Journal of Psychophysiology ◽

10.1027/0269-8803/a000037 ◽

2010 ◽

Vol 24 (4) ◽

pp. 240-248 ◽

Cited By ~ 30

Author(s):

Xavier Noël ◽

Antoine Bechara ◽

Damien Brevers ◽

Paul Verbanck ◽

Salvatore Campanella

Keyword(s):

Alcohol Use ◽

Self Regulation ◽

Reactive System ◽

Negative Consequences ◽

Cognitive Changes ◽

Alcohol Cues ◽

Automatic Response ◽

Optimal Information ◽

Reflective Systems ◽

Reflective System

Like other addictions, alcoholism reflects the continuation of alcohol use despite negative consequences (e.g., an ulcer or family problems made worse by alcohol consumption). Recent cognitive theories suggest that optimal information processing related to the capacity to make decisions under uncertainty conditions is impaired either prior to the initiation of alcohol use, or it is related to the consequence of its repeated utilization.

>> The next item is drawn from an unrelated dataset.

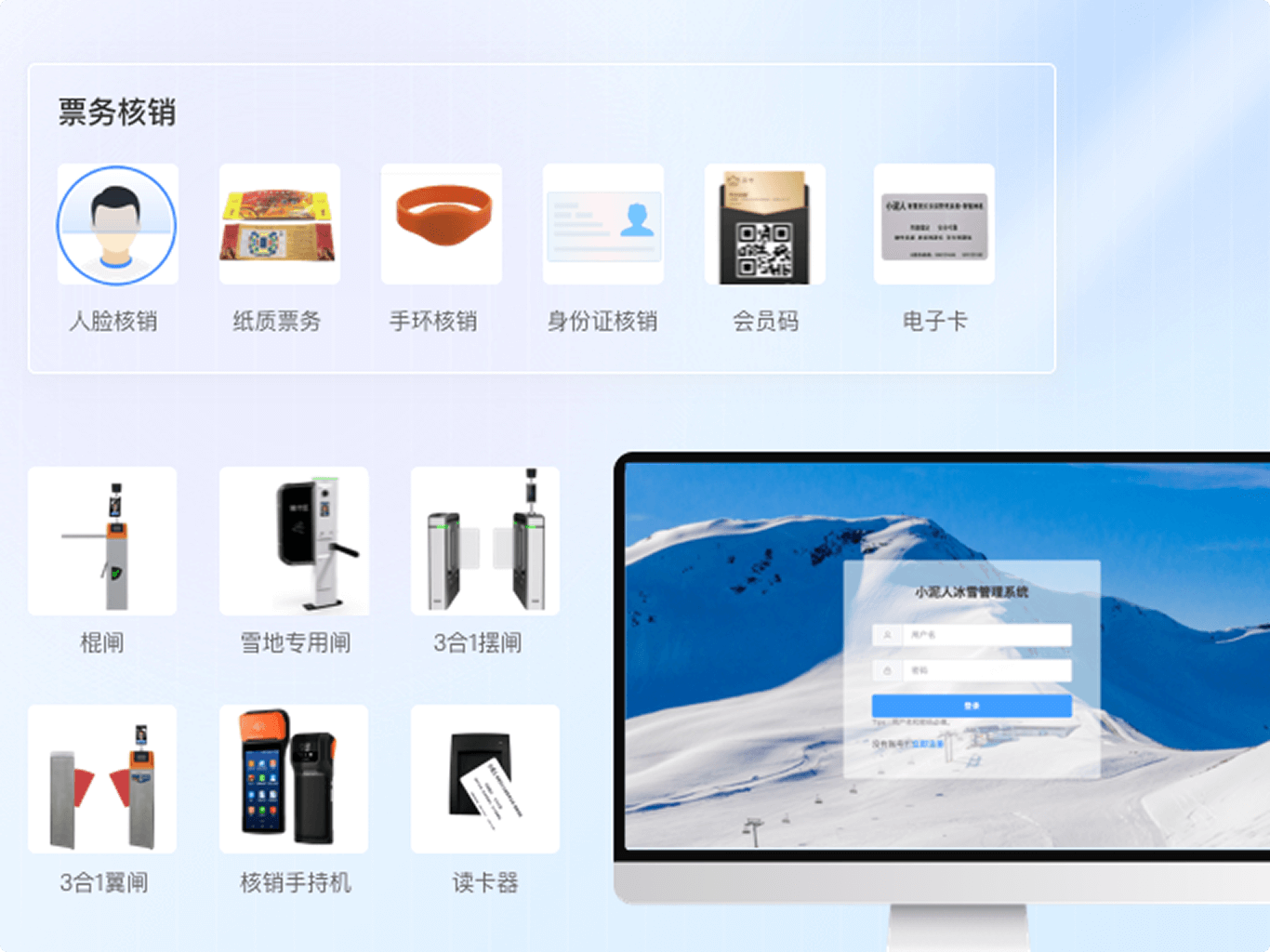 为中大型滑雪场及冰雪企业提供冰雪一卡通、装备租赁、滑雪教学、0TA对接等滑雪场管理系统及IC卡制作、自助取卡机、滑雪专用闸机等硬件信息化建设方案。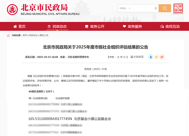 近日,北京市民政局官网发布《关于2025年度市级社会组织评估结果的公告》。根据《社会组织评估管理办法》(民政部令第39号)规定,经专业评估机构进行现场评估、结果评审、社会公示、复核以及市民政局确认,北京基金小镇公益基金会获评4A级社会组织。据悉,在本次评估中,北京市仅有4家社会组织新晋获评4A等级。

In this paper, we suggest that alcoholism may be the product of an imbalance between two separate, but interacting, cognitive registers that contribute to decision making: a reactive/automatic attentional and memory system for signaling the presence of alcohol cues in the environment and for attributing to such cues pleasure and/or excitement; and a reflective/nonautomatic system for regulating the dominant reactive/automatic response. Hyperactivity within the reactive system can override the reflective system and brain/cognitive changes induced by ethanol could lead to the disruption of self-regulation. We finally develop the idea that different patterns of imbalance between reactive and reflective systems could lead to distinct patterns of clinical impulsivity involved in the vulnerability to, the development of, and the relapse into alcoholism.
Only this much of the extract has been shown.